StateMonad

StateMonad is a Python library that encapsulates stateful operations - computations that require an explicit state object to execute - within a monadic structure.

Features

• Functional Purity: The state monad allows functions to access and modify shared state without relying on global variables, thereby preserving functional purity.
• Compositionality: By abstracting the state-passing mechanism, the state monad allows easy integration with other libraries that also rely on stateful computations.
• Type hinting: The implemented type hinting ensures that types are correctly inferred by type checkers like pyright.
• Enhanced Exception handling: When an error is raised within the stateful computation, the traceback includes not only the standard error information but also the traceback to the point where the state monad was created.
• Pragmatic Monad: Implements the core concepts of a state monad in a way that is practical and relevant for Python developpers. It focus on usability rather than strict adherence to mathematical correctness.

Installation

You can install StateMonad using pip:

pip install statemonad

Usage

The state object is a Python object that represents the state in your computations. Each operation may modify the state and return a new value based on the updated state.

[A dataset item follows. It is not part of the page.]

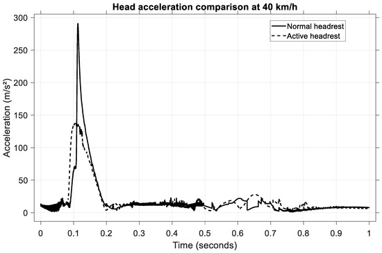 To assess the performance of the active headrest under high-severity impact conditions, a rear-end collision at 40 km/h was simulated. The head acceleration time histories for both passive and active headrest configurations are illustrated in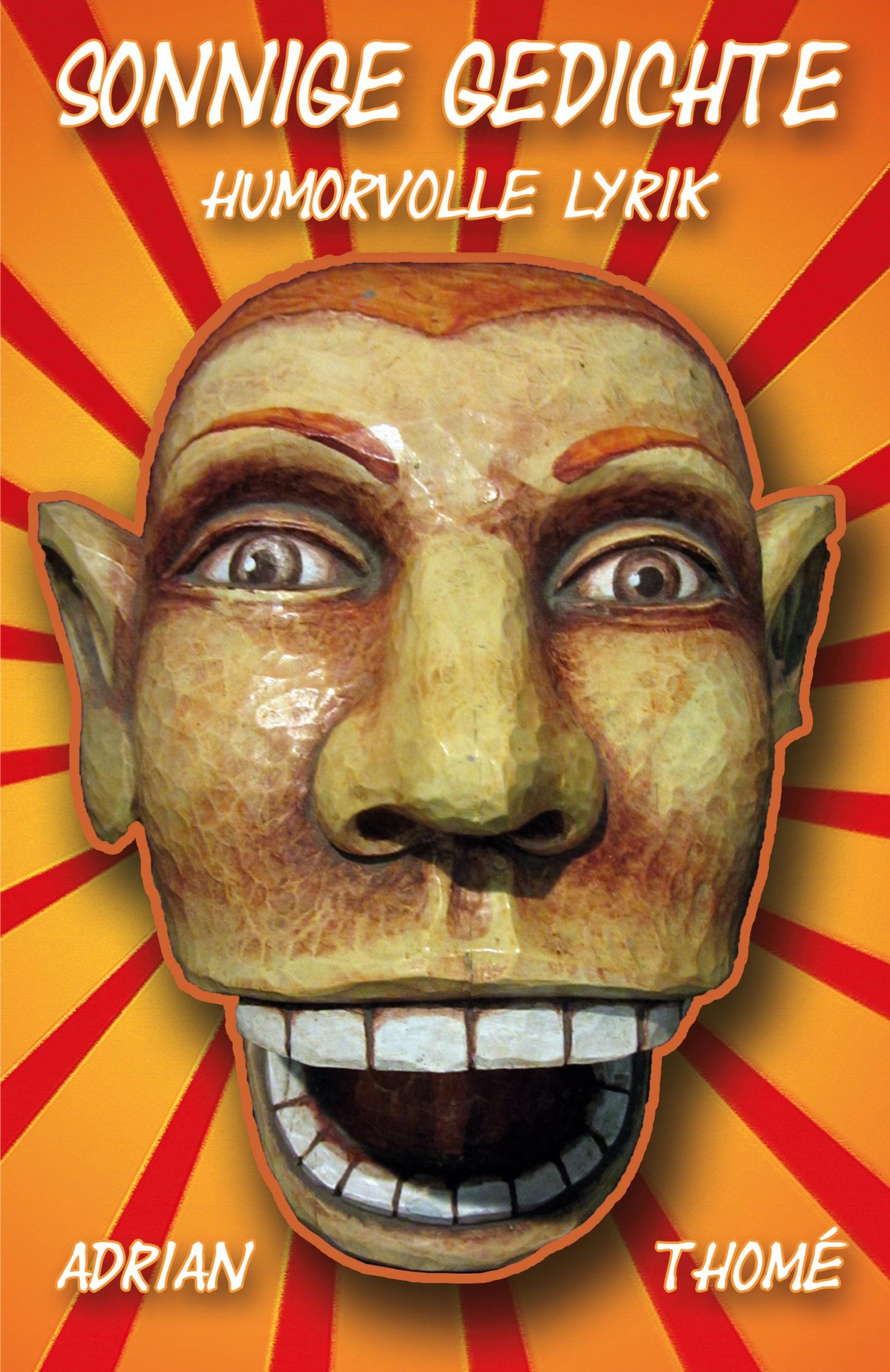 Text: „SONNIGE GEDICHTE, HUMORVOLLE LYRIK, ADRIAN THOMÉ“. Eine fröhliche, maskenhafte Illustration mit strahlenden Streifen., Buch

The result is a chain of operations where the state flows through each step, with the StateMonad keeping the flow clean and organized.

Example

In this example, we define the function collect_even_numbers, a stateful operation that adds the provided number num to the state if it is even.

from typing import override
from dataclassabc import dataclassabc

import statemonad
from statemonad.abc import StateMonadNode
from statemonad.typing import StateMonad


type State = tuple[int, ...]
state = tuple()


def collect_even_numbers(num: int):
    if num % 2 == 0:

        @dataclassabc(frozen=True, slots=True)
        class CollectEvenNumbers(StateMonadNode[State, int]):
            """
            A custom state monad implemented as a dataclass.
            The `apply` methods adds `num` to the state.
            """
            num: int

            @override
            def apply(self, state: State):
                n_state = state + (self.num,)
                return n_state, self.num

        return statemonad.from_node(CollectEvenNumbers(num=num))

    else:
        return statemonad.from_[State](num)


# chain monadic operations using `flat_map`
def example(init):
    return collect_even_numbers(init + 1).flat_map(
        lambda x: collect_even_numbers(x + 1).flat_map(
            lambda y: collect_even_numbers(y + 1).flat_map(
                lambda z: collect_even_numbers(z + 1)
            )
        )
    )


monad: StateMonad[State, int] = example(3)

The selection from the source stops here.